## Stored dataset items
== Segment start ==

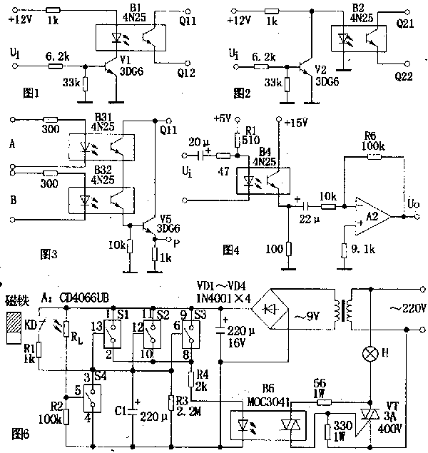 电路如图4所示.这是一个典型的交流耦合放大电路.适当选取发光回路限流电阻Rl,使B4的电流传输比为一常数,即可保证该电路的线性放大作用。
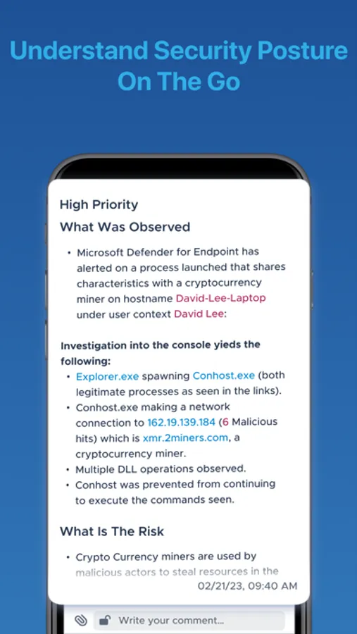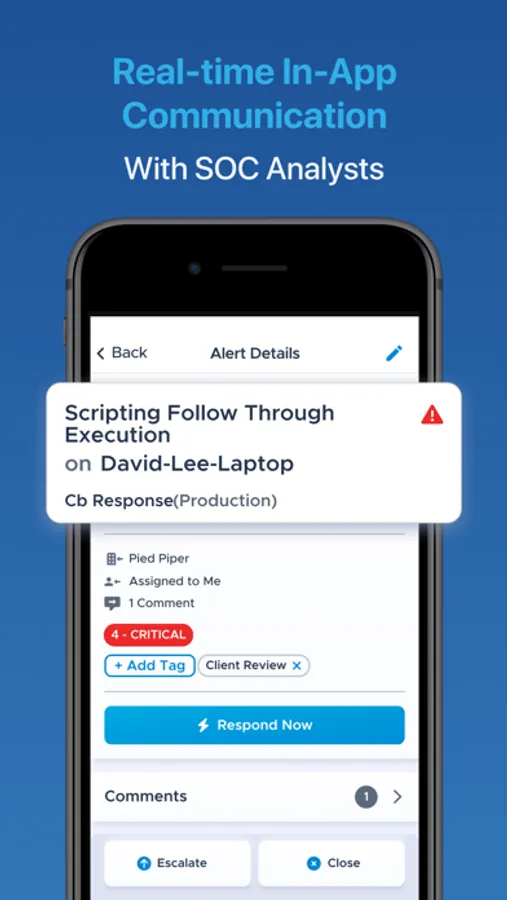 Critical Start MobileSOC® has revolutionized incident handling, secure communication, and on-the-go connectivity for security teams. MobileSOC empowers customers with unparalleled visibility, enabling effective incident management, secure communication, and seamless connectivity. Its real-time incident alerting capabilities ensure immediate alerts on mobile devices, facilitating timely awareness and proactive decision-making. MobileSOC also enables the swift containment of infected devices, safeguarding your environment.
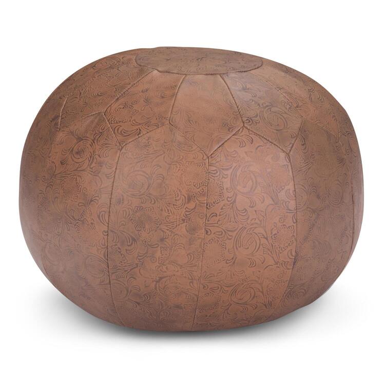 • Drury Boho Round Pouf in Brown Patterened Genuine Leather image - 1
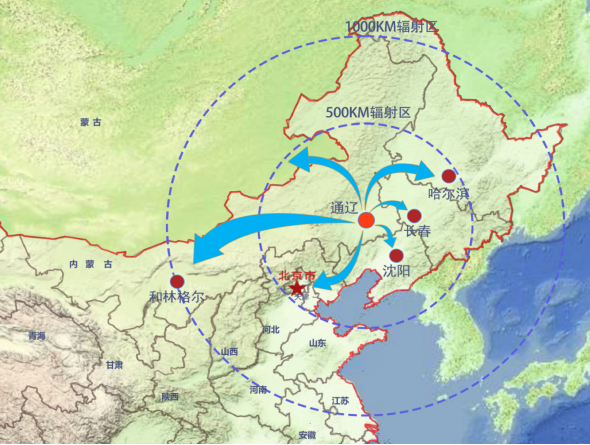 通遼市位于內(nèi)蒙古自治區(qū)東部,北部為大興安嶺南麓余脈的丘陵山地,南部為遼西山地邊緣的淺山丘陵,中部為西遼河沖積平原,平均海拔120~400米,總面積5.95萬平方公里,氣候?qū)僦袦貛Т箨懶约撅L(fēng)氣候,四季分明,年均氣溫0-6℃,年降水量350~400毫米,冬季受西伯利亞冷空氣影響更直接,低溫持續(xù)時(shí)間更長,有利于自然冷卻系統(tǒng)的穩(wěn)定運(yùn)行。地處環(huán)渤海經(jīng)濟(jì)圈、東北經(jīng)濟(jì)區(qū)和東北亞三角經(jīng)濟(jì)區(qū),是東北與華北的交匯中心,東與吉林省接壤,南與遼寧省毗鄰,西與赤峰市、錫林郭勒盟交界,北與興安盟相連,其周邊800千米范圍內(nèi)有15個(gè)百萬人口以上城市,距離出??阱\州港僅400千米,距離沈陽市、長春市約300千米。通遼市是國家“一帶一路”倡議向北開放的重要戰(zhàn)略節(jié)點(diǎn)城市,也是內(nèi)蒙古距離港口最近的城市,近年來,積極參與共建“一帶一路”和中蒙俄經(jīng)濟(jì)走廊建設(shè),深化與沿邊口岸和沿海港口城市協(xié)作,推動(dòng)保稅物流中心、多式聯(lián)運(yùn)海關(guān)監(jiān)管中心等開放平臺提能增效,跨境電商交易規(guī)模持續(xù)攀升。
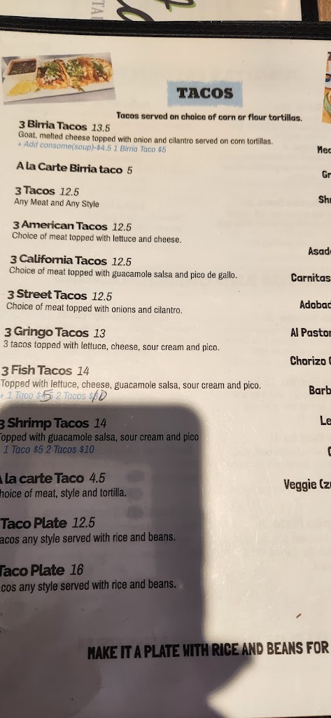 I ate here a few weeks ago while visiting in town. The birria tacos tasted great but I was a little upset that they charge over 4 dollars for the consomé that traditionally ALWAYS are served with birria. So it was $15 for 3 tacos and another 4 for the consomé and that doesn’t include rice and beans if I wanted that too. Great meal but the pricing isn’t right and with so many other options I don’t see a reason to go back.
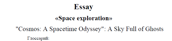 Сочинение: Эссе - "Cosmos: a spacetime odyssey": A Sky Full of Ghosts
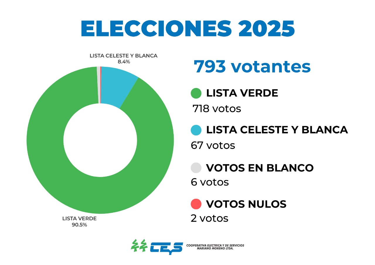 Como estaba previsto, finalmente este domingo se llevaron a cabo las elecciones de delegados en la Cooperativa Eléctrica y de Servicios Mariano Moreno. Con un total de 793 votantes, la Lista Verde obtuvo 718 votos, mientras que la Lista Celeste y Blanca tuvo 67, y ademas hubo 6 en blanco y 2 nulos.
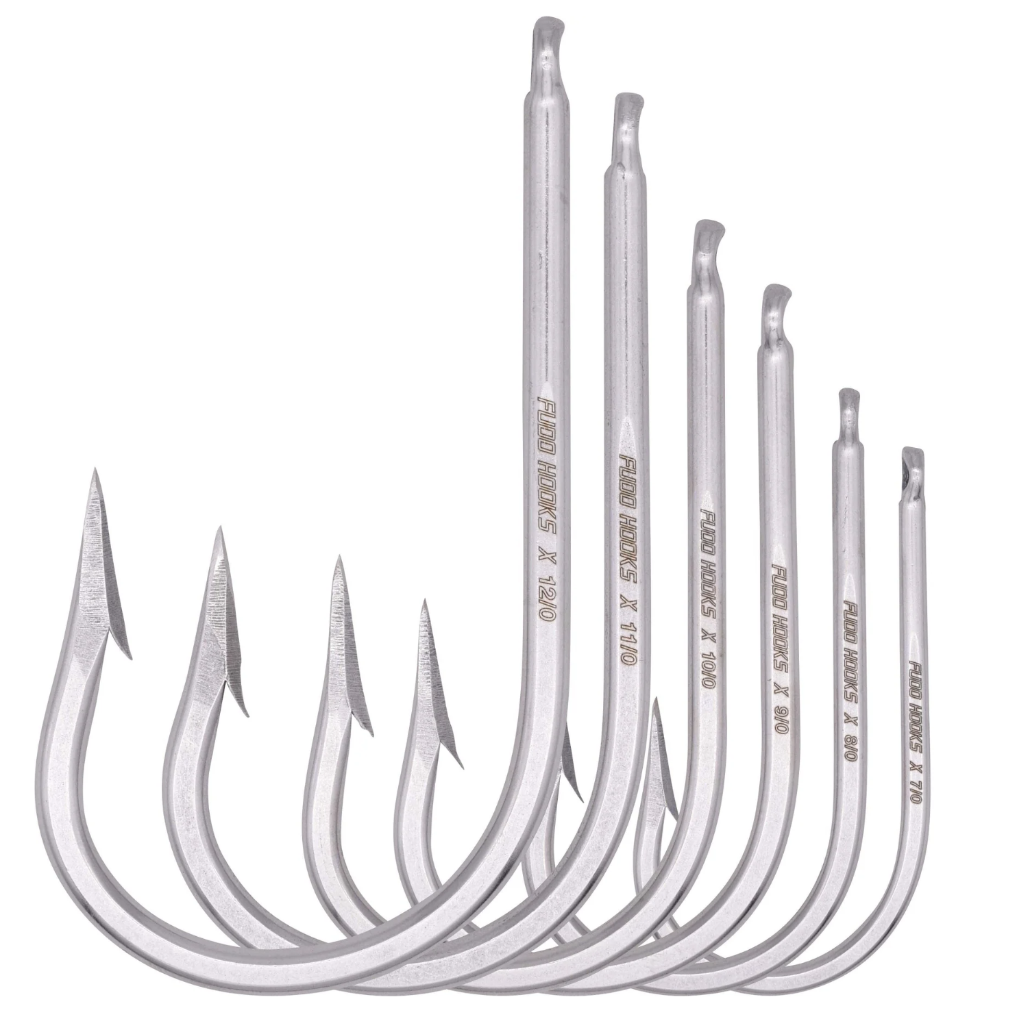 FUDO Super Ocean Tuna Needle Eye Hooks are true “J Hooks” that provide more open throat and grasp than that of the Southern Tuna style. These are versatile hooks that provide great performance when trolling or fishing bait for large gamefish.
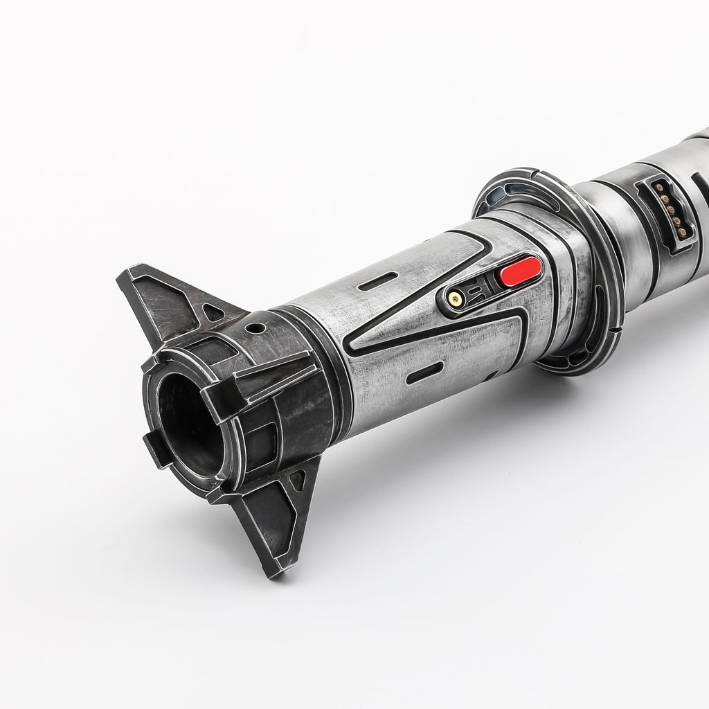 Commanding respect and admiration, our Baylan saber is a homage to the one wielded by Baylan Skoll. This saber is truly one of a kind, with its custom blade emitter, ergonomic hand grip, and complex hilt design all combining to form something masterful. In addition to its unique design, the saber utilizes an aluminum alloy hilt and polycarbonate blade to make it both durable and functional.

== Segment end ==

## ABOUT THIS TASK
Would you restate word for word only the lines from the line with "Full of Ghosts" to the last line above, with the pictures left out?

## ANSWER FOR THIS EXERCISE
 Сочинение: Эссе - "Cosmos: a spacetime odyssey": A Sky Full of Ghosts
 Como estaba previsto, finalmente este domingo se llevaron a cabo las elecciones de delegados en la Cooperativa Eléctrica y de Servicios Mariano Moreno. Con un total de 793 votantes, la Lista Verde obtuvo 718 votos, mientras que la Lista Celeste y Blanca tuvo 67, y ademas hubo 6 en blanco y 2 nulos.
 FUDO Super Ocean Tuna Needle Eye Hooks are true “J Hooks” that provide more open throat and grasp than that of the Southern Tuna style. These are versatile hooks that provide great performance when trolling or fishing bait for large gamefish.
 Commanding respect and admiration, our Baylan saber is a homage to the one wielded by Baylan Skoll. This saber is truly one of a kind, with its custom blade emitter, ergonomic hand grip, and complex hilt design all combining to form something masterful. In addition to its unique design, the saber utilizes an aluminum alloy hilt and polycarbonate blade to make it both durable and functional.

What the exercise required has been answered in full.